#### [Your assignment]
The answer must be only the lines below from the one holding "10月4日,旅游者在內(nè" down to the one holding "Блокнот-скетчбук деревянный с", ends included, printed exactly; please omit all pictures.

(Items from a dataset)
○ ○ ○ ○
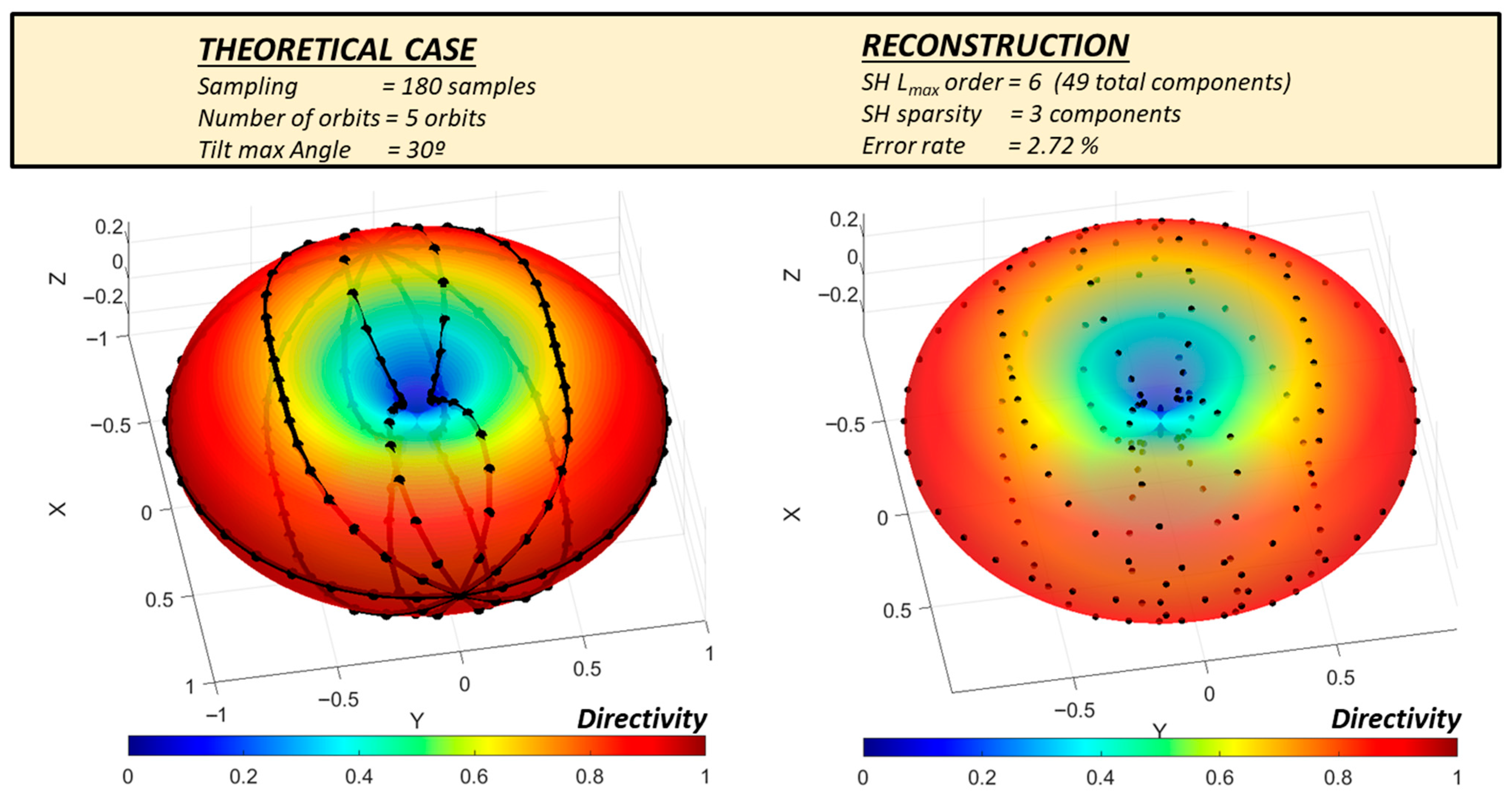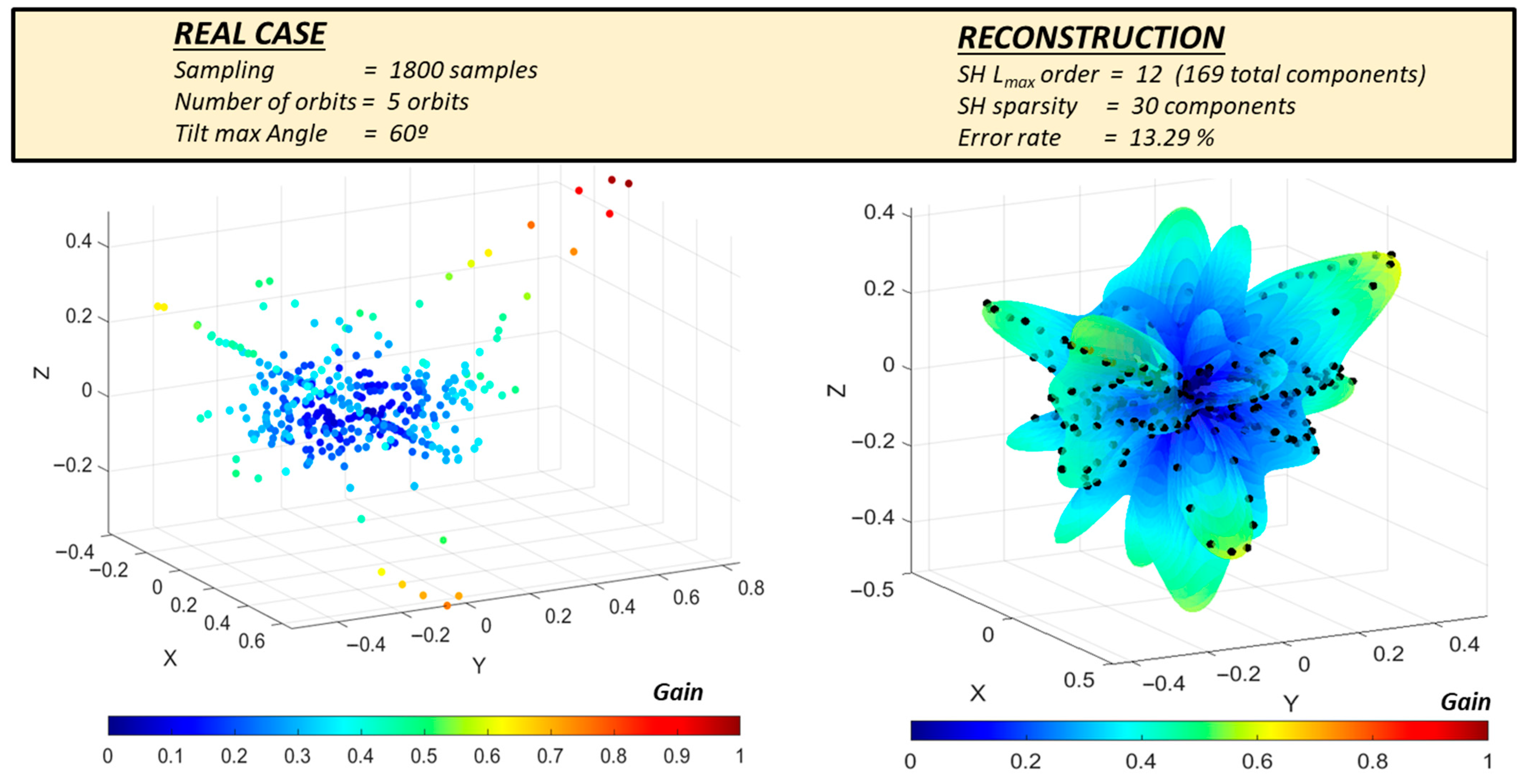 Figure 10). This observed error level warrants further discussion regarding its practical acceptability and relation to typical measurement uncertainties. In the practical case, the reconstruction error reached an average value of 14%. Although this figure may appear relatively high, it remains acceptable within an application-driven characterization framework. First, it is of the same order of magnitude as typical measurement uncertainties in anechoic chambers (≈5–10%), which depend on probe calibration, system stability, and noise levels. Second, most of this error is concentrated in angular sectors that are mechanically inaccessible, with negligible contribution to the device’s effective wireless coverage. In the operationally relevant directions, the error remains well below the global average. Finally, for bulky and non-rotatable devices, the primary objective is not to achieve a full-sphere reconstruction but to provide reliable information in the regions of interest, enabling seamless integration of the SH-based representation into propagation simulators and electromagnetic optimization workflows. The results demonstrate that the original function can be recovered with sufficient accuracy using only 1800 samples distributed over five orbits with a maximum WT angle of 60°.
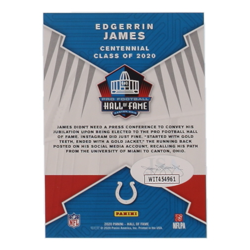 Edgerrin James Signed 2020 Panini Hall Of Fame #NNO Inscribed "HOF 20'" (JSA)
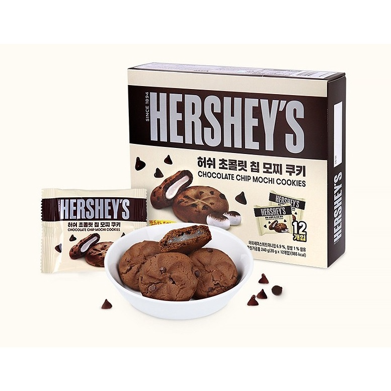 好時巧克力的軟餅乾+巧克力豆外層~ 加上韓國國產的糯米製作的QQ麻糬 口感吃起來很軟Q 偏甜點口感~但搭配咖啡茶類就很剛好~
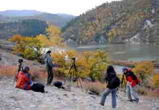 10月4日,旅游者在內(nèi)蒙古克什克騰世界地質(zhì)公園內(nèi)的西拉沐倫大峽谷拍攝疏林秋色。新華社記者:張領(lǐng)
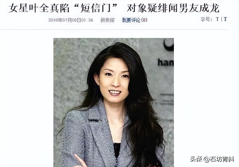 短信是发给成龙的,内容十分文艺,“夜半梦醒再度凝望相片中你的身影……因为思念,因为爱……”,署名则是“爱你的叶子”。
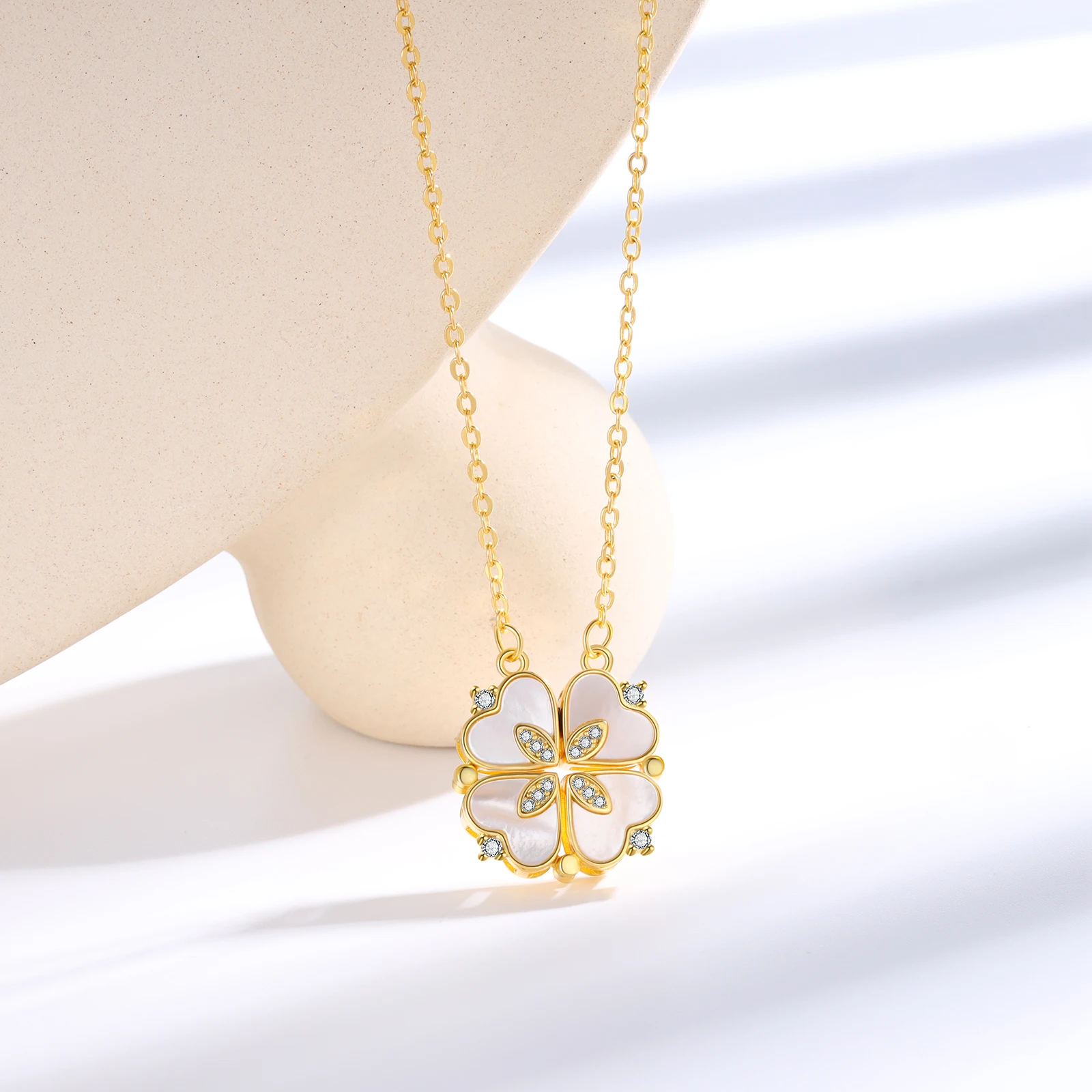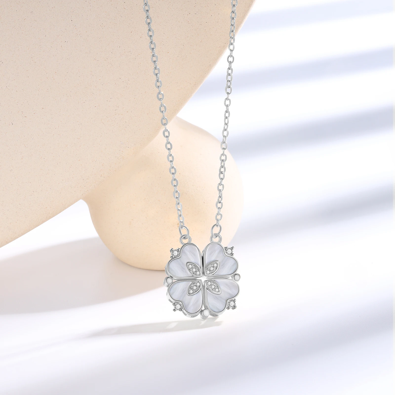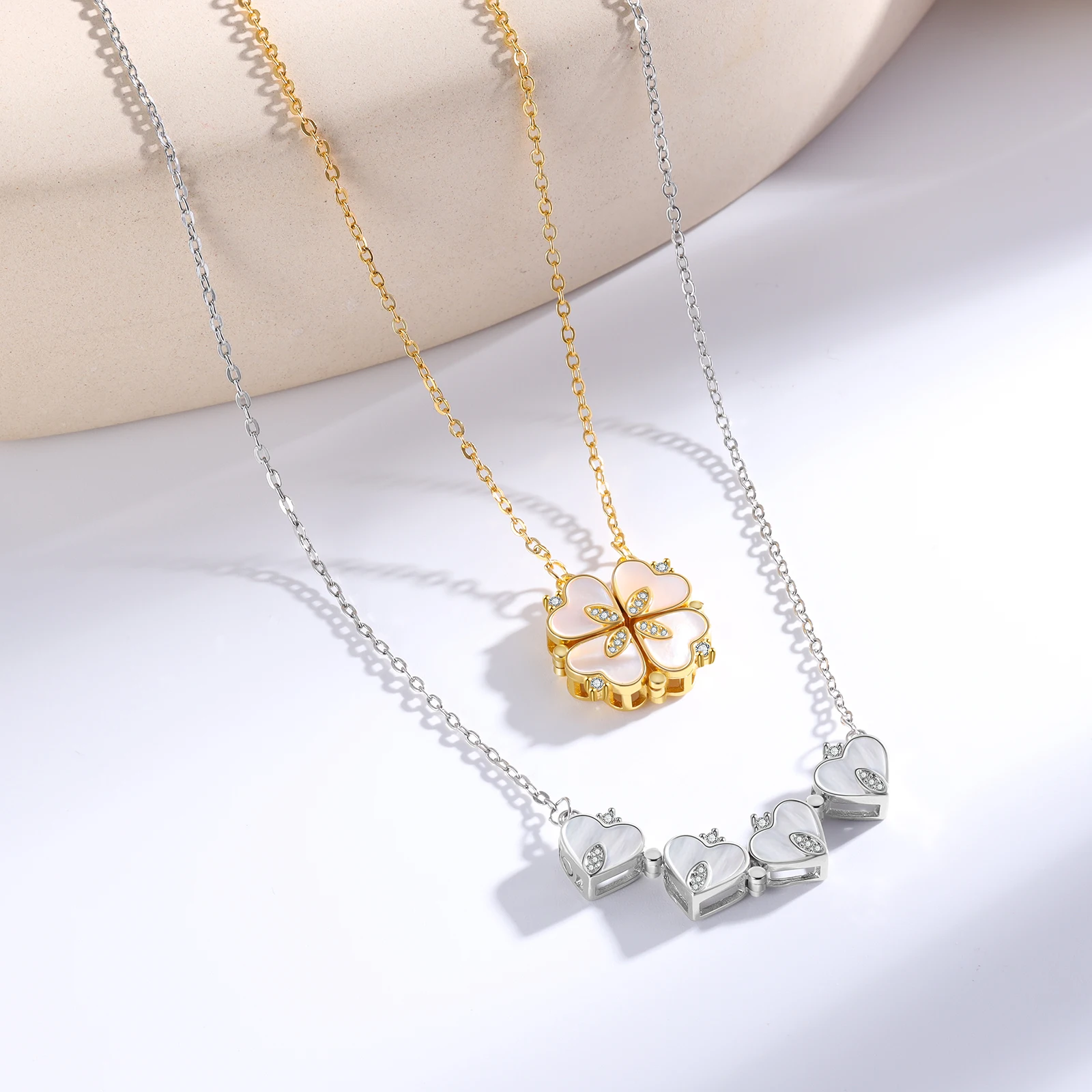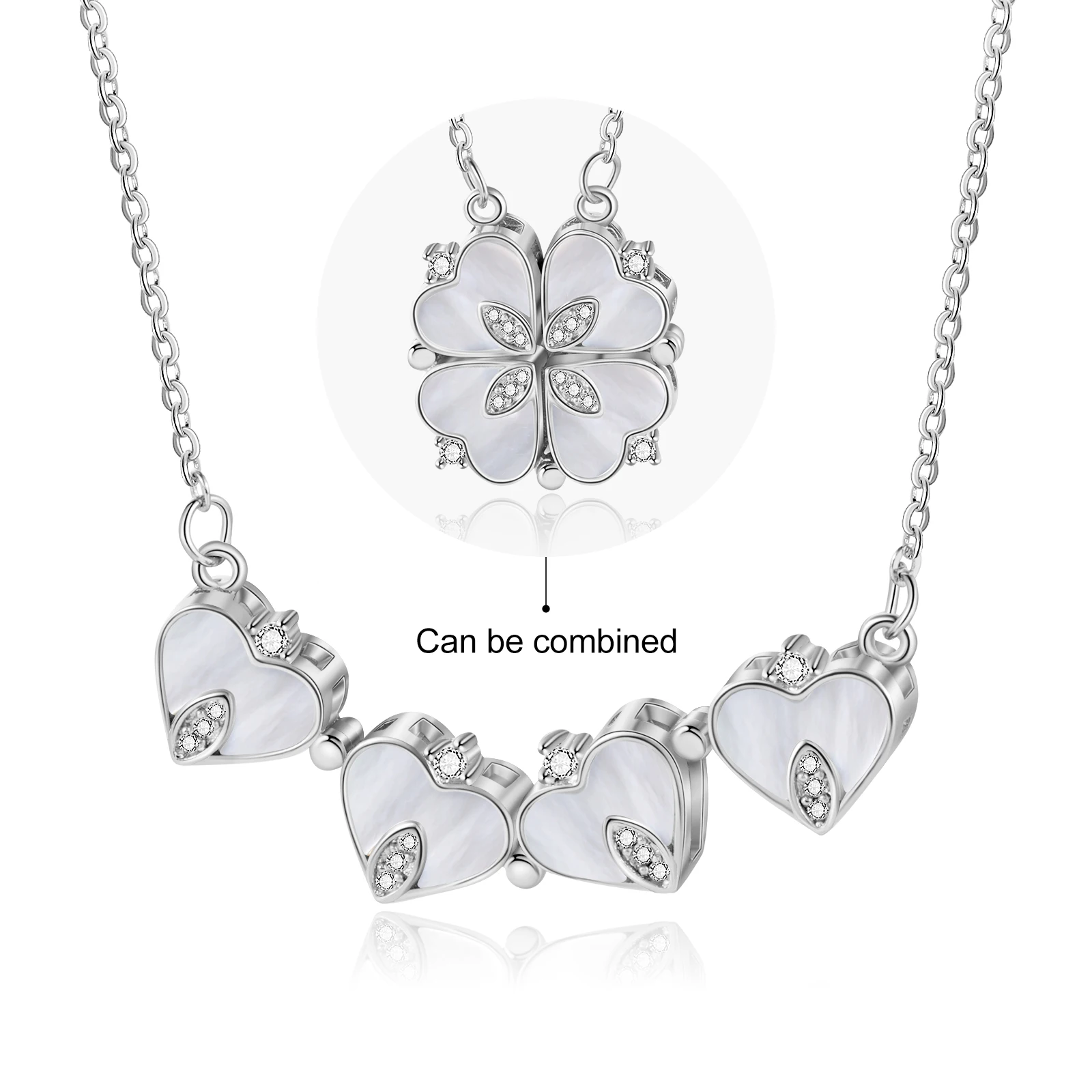 Women Fashion Jewelry Rhodium Plated Four Leaf Clover Necklace Combination Four Heart Necklace
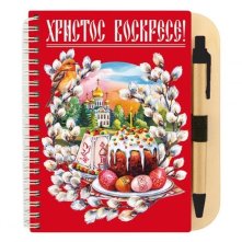 Блокнот-скетчбук деревянный с ручкой «Христос Воскресе!»
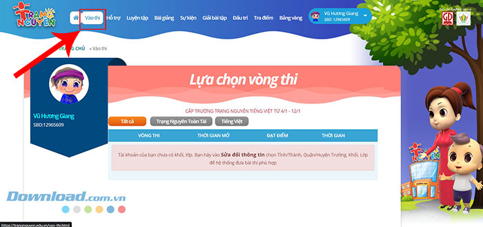 Bước 4: Khi hoàn tất đăng nhập, nhấp vào tab Vào thi để bắt đầu tham gia vòng thi. Người dùng có thể lọc cuộc thi bằng cách nhấn vào tab Tất cả, Trạng Nguyên Toàn Tài hoặc Trạng Nguyên Tiếng Việt.
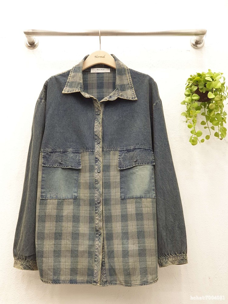 구제체크배색데님남방
○ ○ ○ ○
#### [The answer]
 10月4日,旅游者在內(nèi)蒙古克什克騰世界地質(zhì)公園內(nèi)的西拉沐倫大峽谷拍攝疏林秋色。新華社記者:張領(lǐng)
 短信是发给成龙的,内容十分文艺,“夜半梦醒再度凝望相片中你的身影……因为思念,因为爱……”,署名则是“爱你的叶子”。
 Women Fashion Jewelry Rhodium Plated Four Leaf Clover Necklace Combination Four Heart Necklace
 Блокнот-скетчбук деревянный с ручкой «Христос Воскресе!»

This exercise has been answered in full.